- _Exercise_:
What is needed is the exact text of each line in the listing below from the one with "Две разновидности барабана" up to and including the one with "また、日付の右に「未アサイン", and no pictures.

- _Source information_:
_ _ _ _
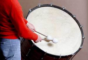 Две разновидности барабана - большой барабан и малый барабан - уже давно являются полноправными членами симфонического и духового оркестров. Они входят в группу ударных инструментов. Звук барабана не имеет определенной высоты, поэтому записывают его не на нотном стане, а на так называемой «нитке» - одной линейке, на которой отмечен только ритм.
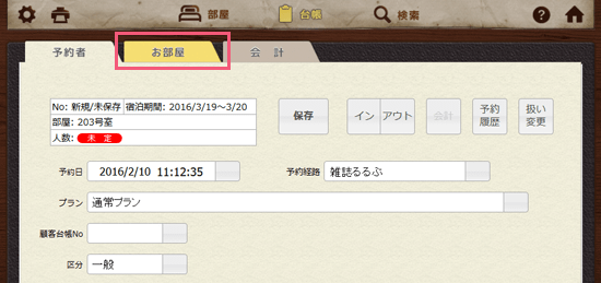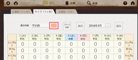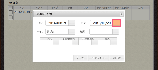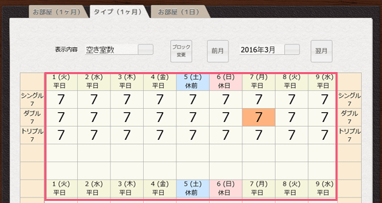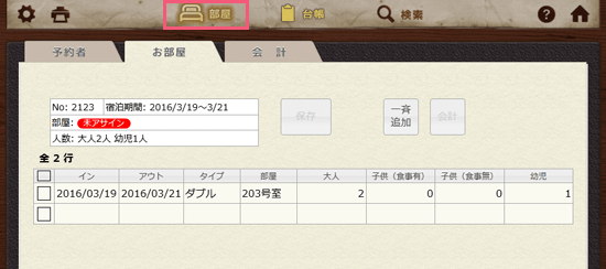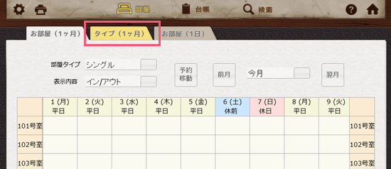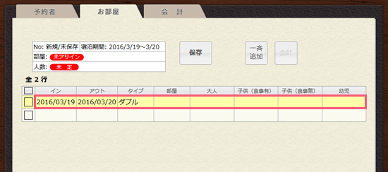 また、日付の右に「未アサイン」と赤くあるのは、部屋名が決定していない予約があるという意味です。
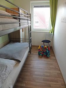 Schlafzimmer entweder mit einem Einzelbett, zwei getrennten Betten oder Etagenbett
_ _ _ _
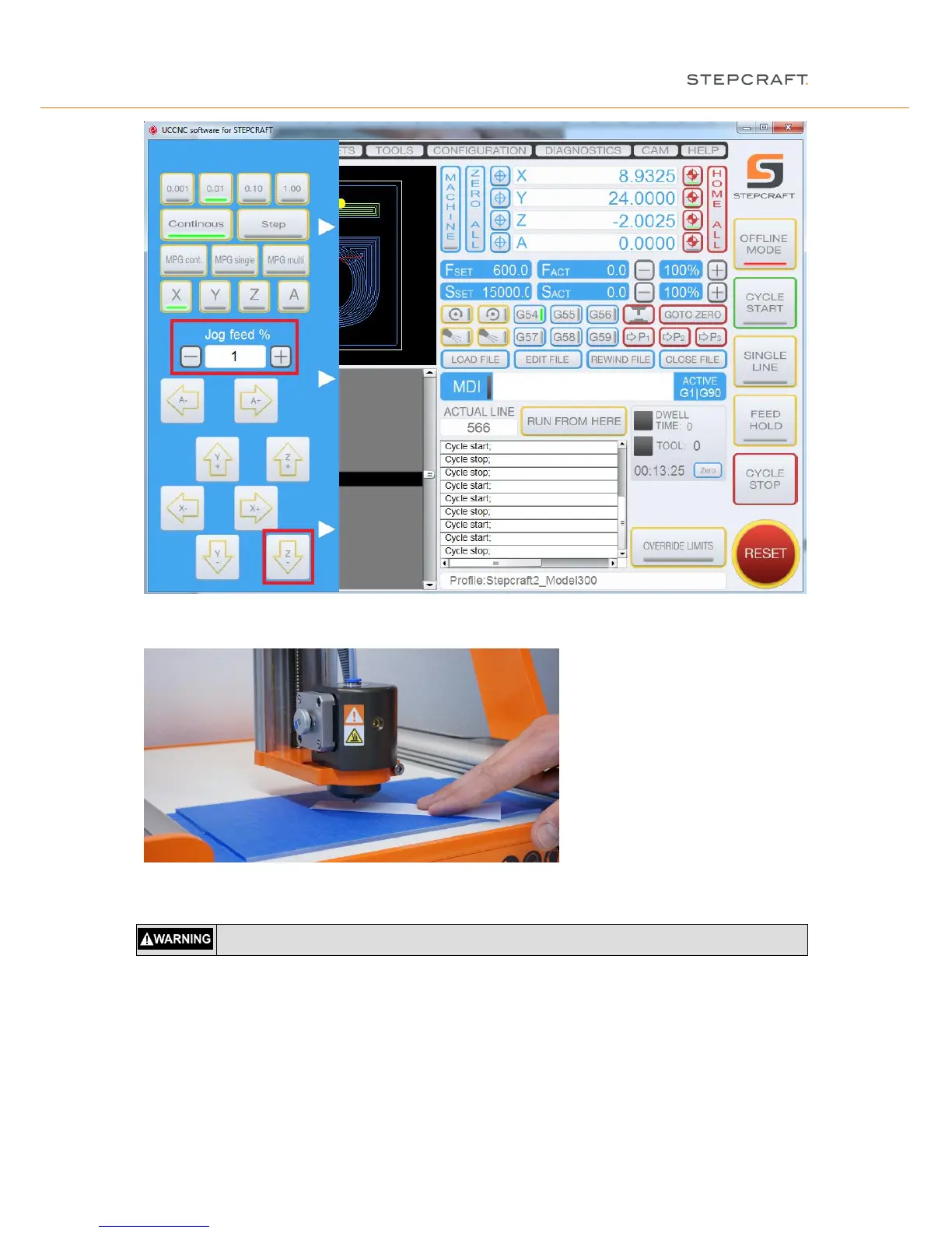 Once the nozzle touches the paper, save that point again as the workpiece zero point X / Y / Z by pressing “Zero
_ _ _ _
- _The answer_:
 Две разновидности барабана - большой барабан и малый барабан - уже давно являются полноправными членами симфонического и духового оркестров. Они входят в группу ударных инструментов. Звук барабана не имеет определенной высоты, поэтому записывают его не на нотном стане, а на так называемой «нитке» - одной линейке, на которой отмечен только ритм.
 また、日付の右に「未アサイン」と赤くあるのは、部屋名が決定していない予約があるという意味です。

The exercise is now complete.